After aborted attempts to team up with rivals - namely Toysmart.com and Brainplay.com - in April Nakasone hit paydirt: a deal with Benchmark Capital to help fund and build its new online business operation. In announcing the deal, Nakasone called it a major step in the company's strategy "to be the clear leader in the online retail market for toys and children's products by fourth quarter 1999."

But what was heralded in early spring as a precedent-setting arrangement - matching retailing's old guard with the e-commerce-savvy venture community - unraveled last week. In the postmortem, both sides are pointing fingers. People close to Toys allege Benchmark wanted too large a stake in the Toysrus.com business. Those on the VC side maintain Toys management was naive to think it wouldn't have to relinquish part of the business in exchange for Benchmark money and connections.

The partnership fell apart because the two sides couldn't agree on who would own the Internet venture, confirms Benchmark general partner Robert Kagle. "We imagined that it would be an independent company that could be capitalized independently," he says. "At some level, that was inconsistent with Toys "R" Us shareholders' interests."

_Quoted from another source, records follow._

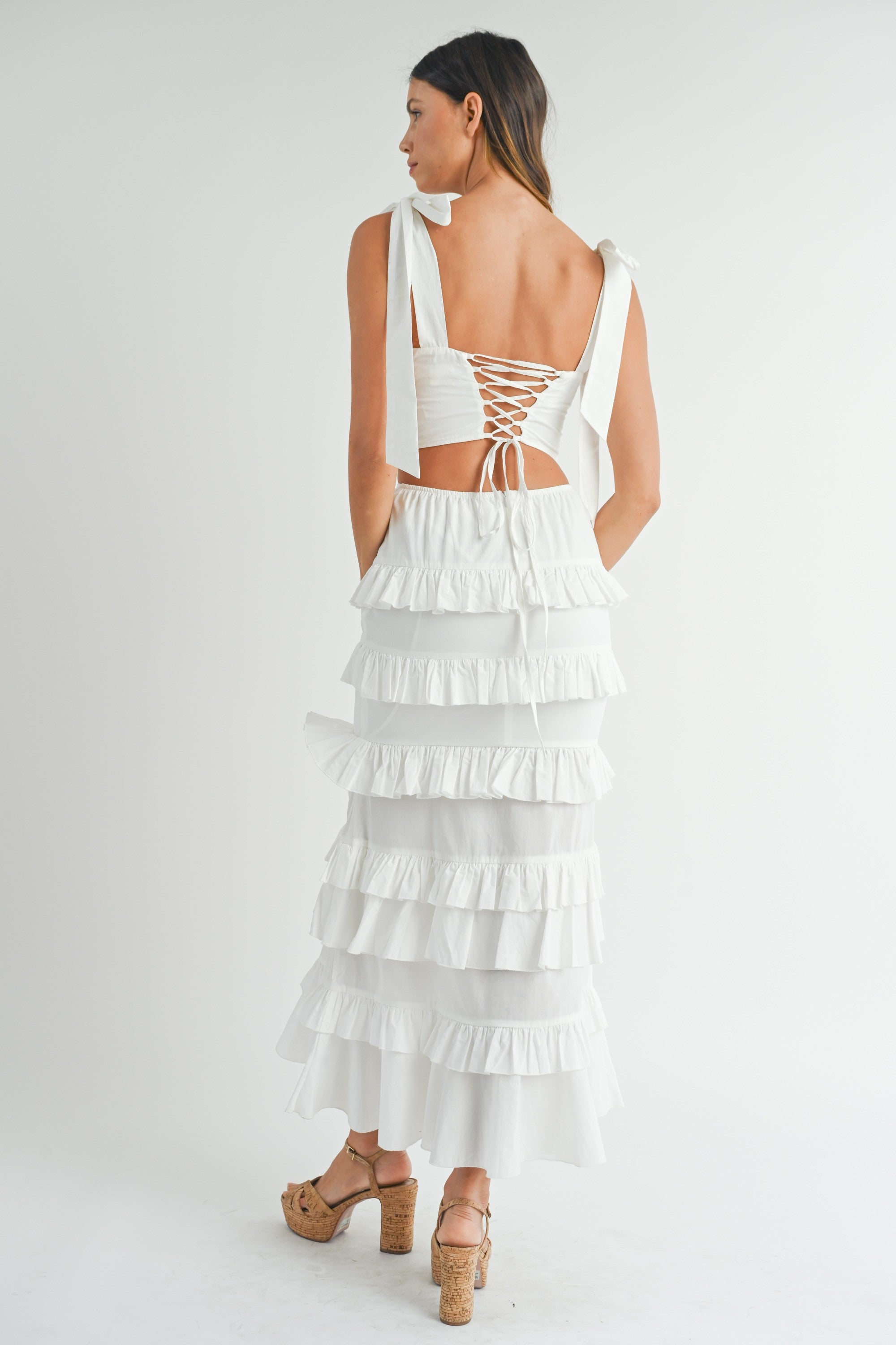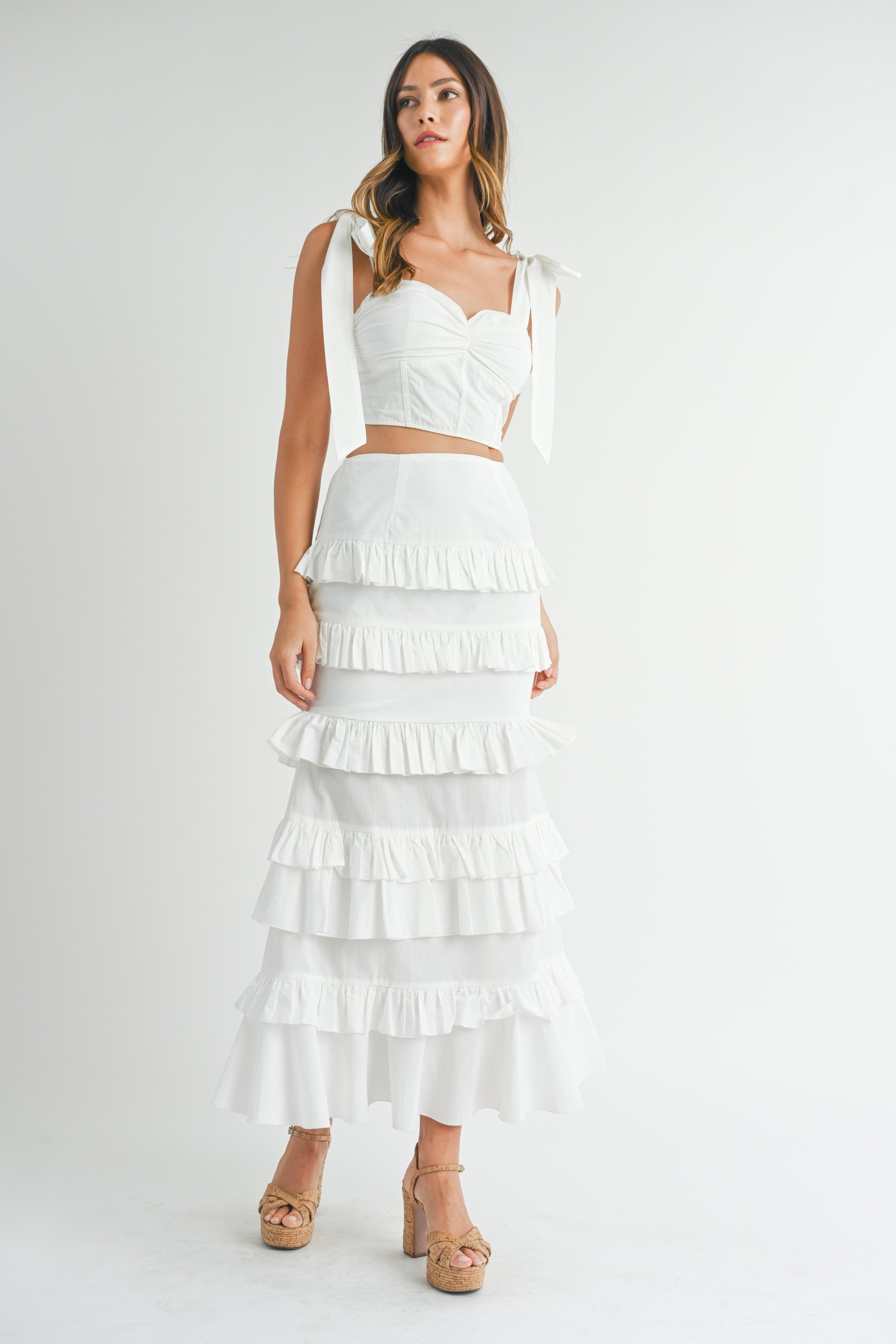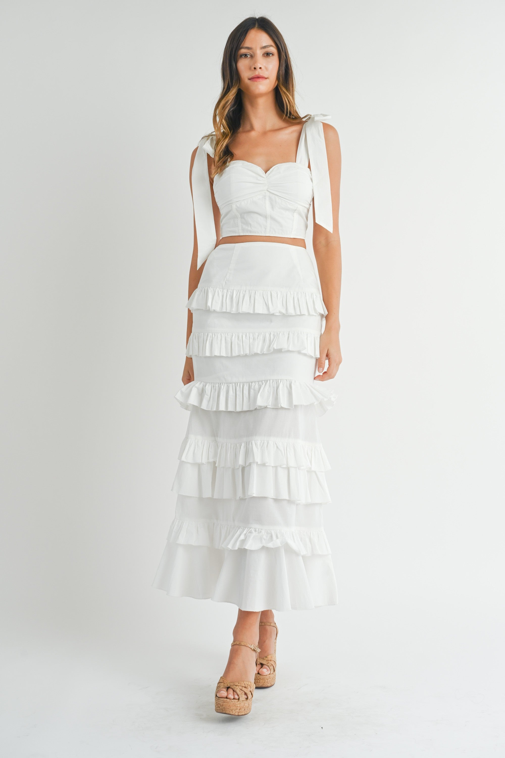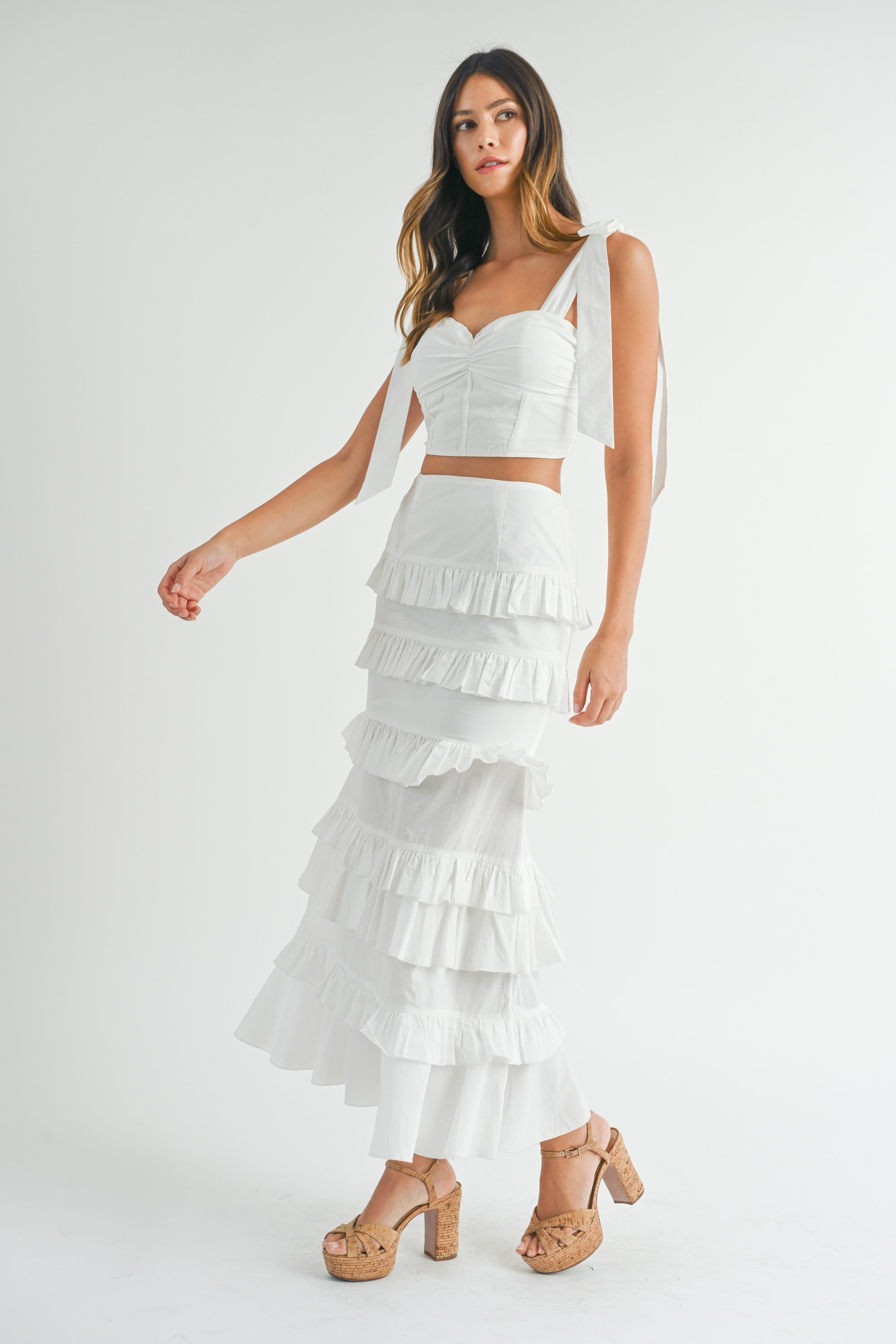 This Pargie Ruffle Set features a solid poplin crop top with a self-tie shoulder strap, sweetheart neckline, and back lace up for a stylish and comfortable fit. Paired with a matching ruffle tier maxi skirt, this set is a must-have for any fashion-forward individual. Elevate your wardrobe with this versatile and chic ensemble.
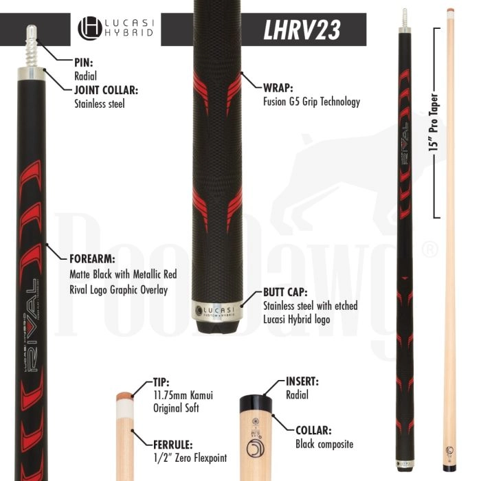 This cue from Lucasi Hybrid is one that is undeniably good looking and has even better playability, featuring a 11.75mm Zero Flex Slim Shaft, Kamui Soft Tip, the value in this cue is incredible. Not only that, but the engineering thats gone in to creating these Rival cues is something to marvel at, with a 10 piece shaft construction for the ultimate consistency, as well as shock-absorbing memory foam integrated right into the wrap itself to reduce vibrations from your shot, the result is a cue that’ll make you the envy of every player unfortunate enough to cross your path.
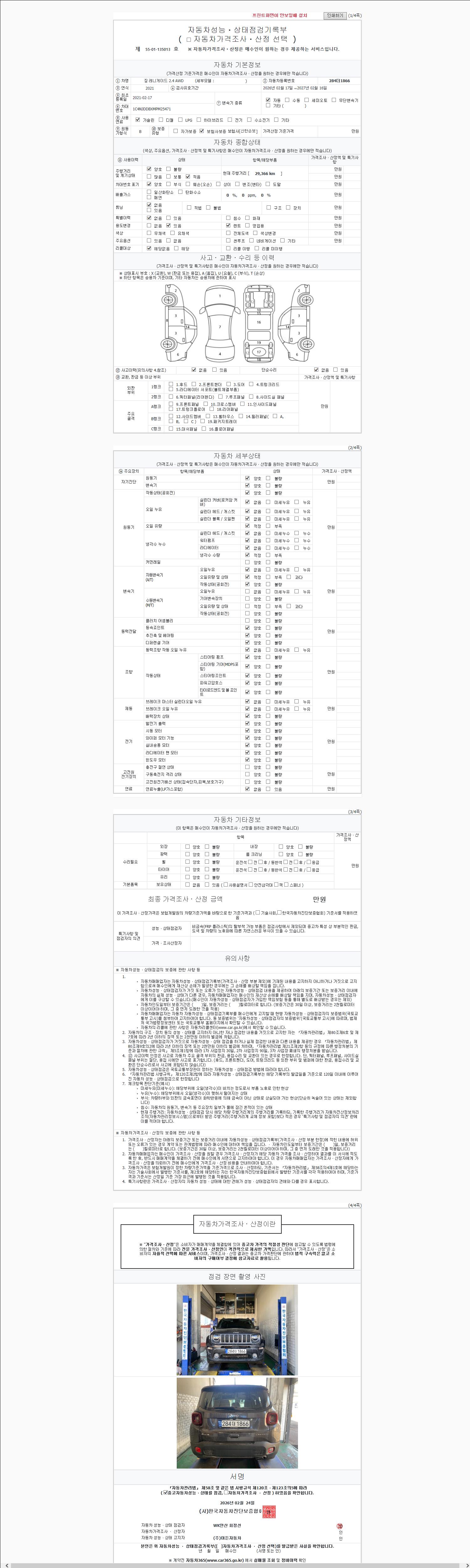 -중고자동차 매매업자를 통해 차량을 구입하실 경우 반드시 "중고자동차 성능, 상태점검 기록부"를 교뷰 받으셔야 하며, 매매업자는 반드시 의무 교부 하여야 압니다.
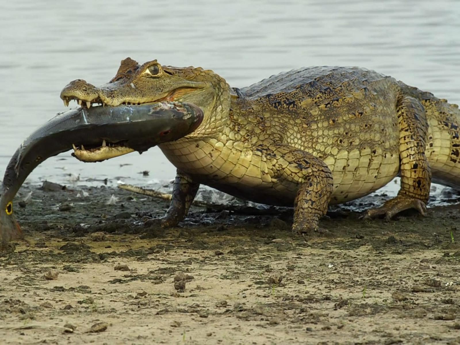 Wallpaper Crocodile fish carries in his teeth
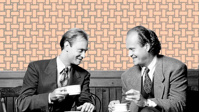Unlike recent satires of wealth and status, like HBO’s The White Lotus or Succession, which strike a darker tone and judge their characters far more harshly, Frasier was never interested in actually critiquing power structures, or making its audience actively uncomfortable. This largely has to do with genre expectations, as a mainstream sitcom is intended to entertain and attract a wide swath of advertisers. But it also reflects a period — the mid-1990s into the 2000s —when there was nothing more desirable than to be nouveau riche. If anything, the show was aimed at the same demographic as Niles and Frasier Crane, both trained psychiatrists, able to chuckle at their own snobbery through recognition of it in themselves.
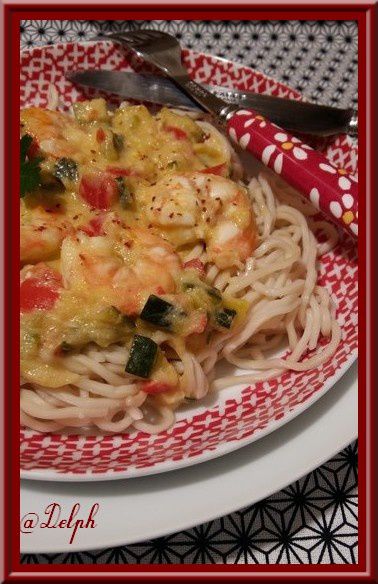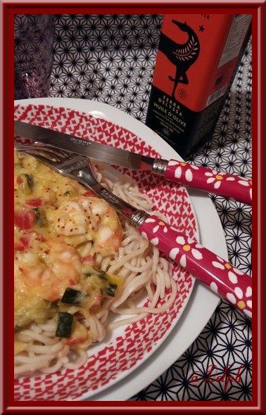 A la maison, nous aimons beaucoup les pâtes, mais pour changer, j’avais envie de cuisiner des nouilles japonaises, il me restait un peu de légumes et des Gambas, j’ai improvisé un petit plat pour faire plaisir à tout le monde.
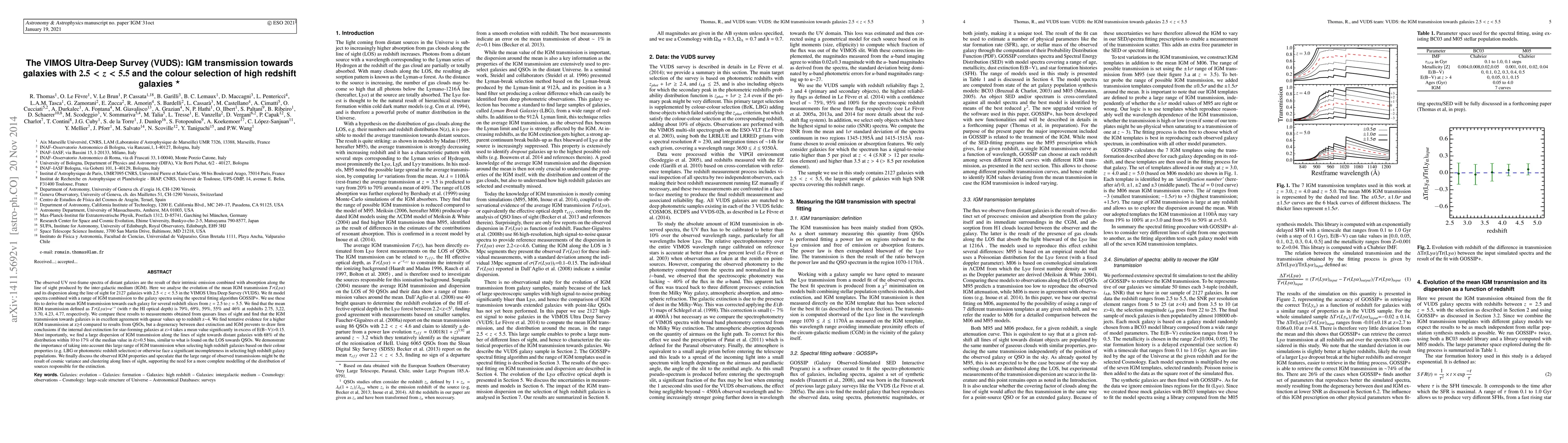 The VIMOS Ultra-Deep Survey (VUDS) investigates the mean intergalactic medium (IGM) transmission of Ly_alpha for galaxies at redshifts 2.5<z<5.5, finding decreasing transmission rates with increasing redshift. The study highlights significant dispersion in IGM transmission, emphasizing the need for considering this variability when selecting high redshift galaxies based on color criteria.
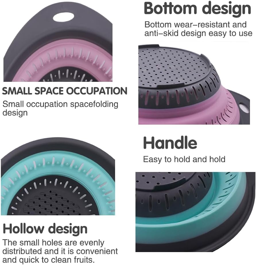 - 🍎FOLDABLE & SPACE SAVING – Ergonomic and space-saving design. The silicone folding strainers can be folded down to under 2 inch, save much space for your kitchen and convenient to store in kitchen drawer, cabinet or drying tray, even can be hung on hook. Perfect for small kitchen, camping, RV, travel trailer.
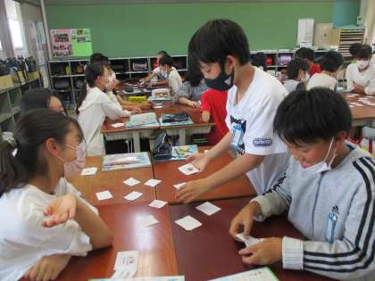 外国語では、日本各地のお祭りでどのようなことができるのかをカードで組み合わせるマッチングゲームをしました。カードがマッチングすると「ナイス!」と嬉しそうに友達に声をかける様子がありました。
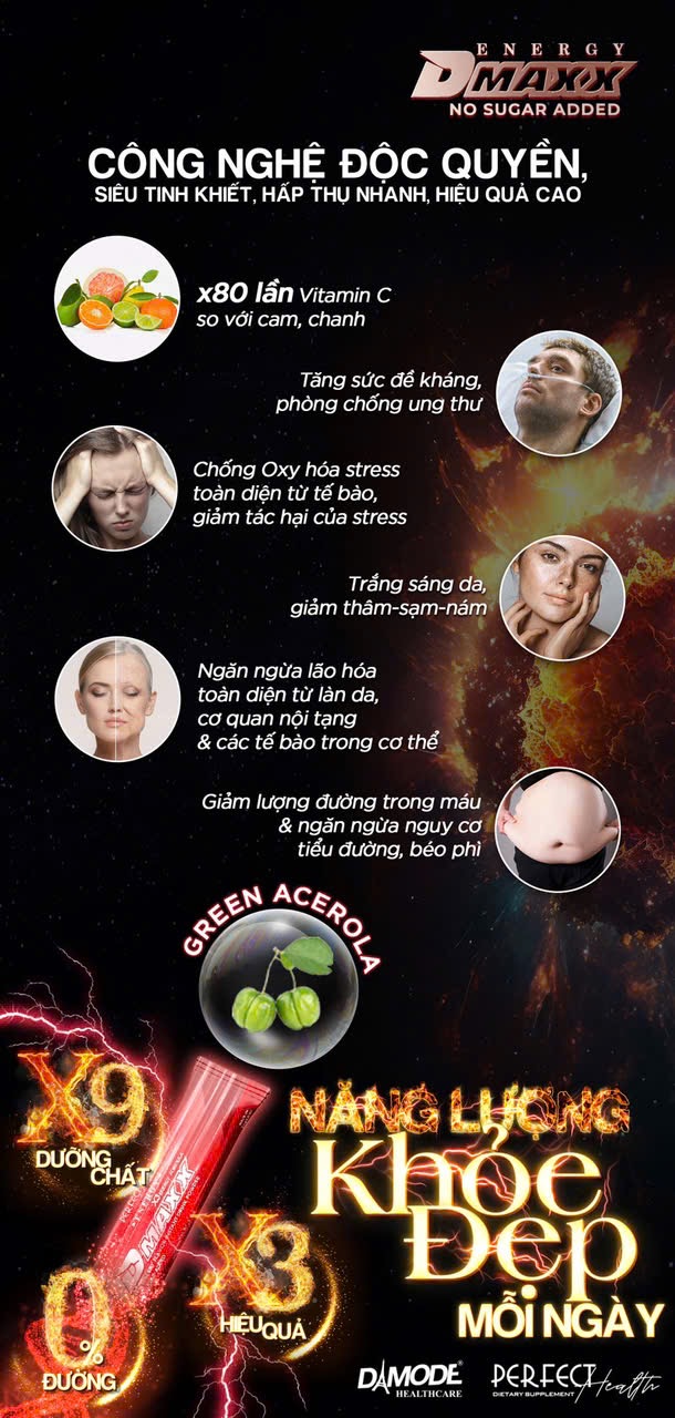 Thức uống năng lượng Dmaxx Energy Formula   Dmaxx energy formula là sản phẩm thức uống năng lượng có chức năng bổ sung năng lượng cho người uống mỗi ngày dưới dạng thức uống hòa tan. Sản phẩm có xuất xứ từ Thái Lan và đối tượng sử dụng là cả nam giới và nữ giới trong độ tuổi từ 18  tuổi. Sản phẩm là sự kết hợp từ chất được chiết suất từ trái cây thiên nhiên và hoạt chất axit hữu cơ tổng hợp. Sản phẩm có thiết kế nhỏ gọn và dễ dàng mang theo để sử dụng mỗi ngày. Đây là một trong những sản phẩm uống năng lượng được nhiều người tiêu dùng lựa chọn và tin dùng. Sản phẩm được chứng nhận và được kiểm tra lâm sàng trước khi đưa ra thị trường. Vì vậy người tiêu dùng hoàn toàn có thể yên tâm mua và sử dụng sản phẩm. Thành phần chính của Dmaxx energy formula: Thành phần của Dmaxx energy formula được kết hợp từ nhiều dưỡng chất tốt của trái cây và hoa chất axit hữu cơ tổng hợp. Các thành phần này chủ yếu là các dưỡng chất thiết yếu cần thiết cho cơ thể con người. Thành phần chính có trong Dmaxx Energy Formula gồm có: nhân sâm, cà chua, trà xanh, gừng,… Ngoài ra trong Dmaxx energy formula còn có các thành phần khác như: Sucrose, Dextrose, Malic Acid, Citric Acid Anhydrous, Guarana Extract, Tricalcium Phosphate, Mixed Berry Flavor, Sodium Chloride, Sucralose, L-Ornithine Hydrochloride, L-Arginine Hydrochloride, L-lysine Hydrochloride, Vitamin B12, Folic Acid, Ascorbic Acid,… Sản phẩm cam kết Có thành phần chiết suất 100 % từ thiên nhiên an toàn và dễ dàng sử dụng cho người sử dụng.  Công dụng của Dmaxx
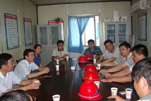 張書記一行代表集團(tuán)公司向堅(jiān)守崗位的職工表示親切慰問(wèn),并認(rèn)真聽取了項(xiàng)目部經(jīng)理郭左明有關(guān)工程概況、項(xiàng)目安全生產(chǎn)與保護(hù)、開展“雙爭(zhēng)”勞動(dòng)競(jìng)賽、“黨員先鋒號(hào)”活動(dòng)和創(chuàng)文明示范工地等工作匯報(bào)。張書記強(qiáng)調(diào):項(xiàng)目部要密切關(guān)注高溫期間職工的生產(chǎn)、生活情況,要特別重視安全生產(chǎn),扎實(shí)地做好各項(xiàng)基礎(chǔ)工作,保質(zhì)保量完成工作任務(wù),樹立安徽省安的品牌形象。王總代表公司向集團(tuán)領(lǐng)導(dǎo)冒著酷暑親臨一線慰問(wèn)表示衷心的感謝,并表示:全體省安人將繼續(xù)發(fā)揚(yáng)“特別能吃苦、特別能戰(zhàn)斗”的精神,戰(zhàn)勝酷暑,奮力攻堅(jiān),保證各項(xiàng)任務(wù)順利完成。

The breakdown of the relationship is a costly one for both parties involved. Benchmark, which has enjoyed a string of successful e-commerce ventures from eBay (EBAY) to Ariba, is now saddled with a high-profile failure. When the two companies announced the partnership in April, Benchmark hailed it as the first in a new type of alliance that would enable traditional corporations to tap into the magic of Silicon Valley's entrepreneurialism. But Kagle now says that for such partnerships to work, companies need to be willing to relinquish some control and give venture capitalists a shot at "unlimited potential returns." He adds that Benchmark is evaluating several such ventures.

"What we can't afford as VCs is be a consultant to large corporations," Kagle notes. "If you look at returns in the venture business, you'll see that results of VCs really rely on the balls that not only go out of the park, but also roll down the street for a while."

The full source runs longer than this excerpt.